”世の中のスナップショットをとる感覚がボクの情報処理を捉え直すきっかけになるかもしれない”っておはなし
みなさんは毎日どんな方法で世の中の出来事をキャッチアップしているでしょう?
テレビ?ラジオ?iPhoneのニュースアプリ?Twitter・Instagram・TikTokなどのSNS?ほんとにいろいろな方法があります。
ボクたちの情報摂取の方法はこの20年、いや30年で大きく変わりました。既存のテレビ・ラジオ・新聞などのメディアをベースに、インターネットの登場と普及、スマートフォンを中心としたユビキタス社会の到来、それらによって各画面では情報が更新され続け、ボクたちの身体のまわりでは言葉や画像や映像が溢れかえっています。いろんな矢印で向かってくる、意識しなければどんどん入ってくる情報たちをどう捌くか、最近この捉えどころのない情報処理について違和感を感じていました。でも具体的にどうすれば良いかわからないという感覚、言い換えるとするならば”世の中の今をうまく捉えることができない”、そんな感じだったのです。

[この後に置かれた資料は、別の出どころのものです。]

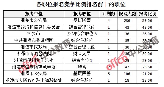 為幫助廣大考生更清晰的了解報名情況,中公教育整理了湘潭市各職位的報名人數(shù)排名以及競爭比例排名,供廣大考生參考:

情報をより多く・より速く処理するために誕生した様々な技術やツール。それらの技術やツールが必要だということはわかっているけれど自分がうまく追いついていないような、ボクはその状況を変えるために”紙の新聞を読む”という選択をしてみました。
新聞を読み始めてみて気付いたこと、それは”そこに在る情報”という概念。情報が流れていない、際限がある、その時点でパッケージされた情報。情報が動いているんじゃなくてボクが能動的に情報をとりにいくことのできる感覚。懐かしくもあり、たぶんボクが何か流されていない、世の中を自分ごととするために必要なパッケージがそこに在るということに気付きました。
メディアとしての新聞の優劣を語りたいわけではなく、ボクが世の中の今を捉えようとしたときの、新聞の機能としての特性、ボクにとっての最適性の話、”世の中のスナップショット”という感覚に気付いた話です。ボクの毎朝の紙の新聞を読むという行為は”世の中のスナップショット”をとるということに言い換えることができます。

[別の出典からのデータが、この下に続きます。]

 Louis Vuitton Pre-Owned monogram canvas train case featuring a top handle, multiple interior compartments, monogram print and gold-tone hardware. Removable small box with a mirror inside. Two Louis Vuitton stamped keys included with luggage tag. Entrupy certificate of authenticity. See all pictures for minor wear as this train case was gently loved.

スナップショットという言葉は一瞬の機会に取られる写真という意味、そしてここでボクが使う言葉としてはIT用語のそれの意味も含みます。ファイルサーバでバックアップをするときに、ある瞬間(時点)のイメージをとって保存したもののことを言います。バックアップの実態ではなく、首尾一貫した情報イメージ、そのイメージをシステムに戻せば問題無く動作するデータのことです。世の中の出来事や事象を”自分の感覚”で俯瞰的に捉えてある時間軸で明確に記憶することだと思っています。更にその結びつけた”時間”と”出来事や事象”を行ったり来たりできるようにしておくというようなとても感覚的なことです。

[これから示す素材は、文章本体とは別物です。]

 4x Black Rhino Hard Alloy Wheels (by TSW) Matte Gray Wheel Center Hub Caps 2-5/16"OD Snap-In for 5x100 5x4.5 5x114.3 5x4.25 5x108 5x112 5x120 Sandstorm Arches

(ちなみに新聞を読むことでしか世の中を捉えられないということは、ボク自身が備えている世の中を捉えるカメラのシャッター速度が遅いという見方もできます。紙の新聞じゃなくても世の中を捉えることのできる人だってたくさんいるし、いまの世の中ではそちらが当然多数なわけですから。)
ボクの言う”世の中のスナップショットをとる”こと、それは世の中の出来事や事象を”自分の感覚”で俯瞰的に捉えてある時間軸で明確に記憶するために情報を摂取し整理する、ということです。
みなさんは家や部屋の整理・整頓をするとき、どういう方法を思い付きますか?ボクならばまずは家や部屋に新しいモノが増えないことを考えます。すごく当たり前です。今の状態を把握して、俯瞰して、カテゴリーに分けたり、要不要に分けたりしながら、整理・整頓を進めていくはずです。少なくともボクはそうです。
新しい情報がたくさん入ってくること、情報がアップデートしていくこと、どちらもとても大事なことではありますが、それらに振り回されていたボクは、たぶん情報の量にも速度にもうまくついていけていなかった、ボクの”世の中の今をうまく捉えることができない”感覚は”世の中の今”を整理するとき、自分にとって最適な方法を見失っていたんだろうなと振り返ったわけです。
過ぎたるは猶及ばざるが如し。
自分が消費するカロリー以上に食べたならば太るってことと同じように、自分が整理できる以上の情報を摂取すれば、それらを適切に整理・整頓することもできなくて、”世の中の今をうまく捉えることができない”というすごく当然のことです。
意識しなくても情報を無尽蔵に摂取してしまう現代において、自分が”世の中のスナップショット”をとれているか?ということを意識すると、自分にとって最適な情報との付き合い方を再発見するきっかけになるかもしれないと今日も新聞を読みながら思ったりしています。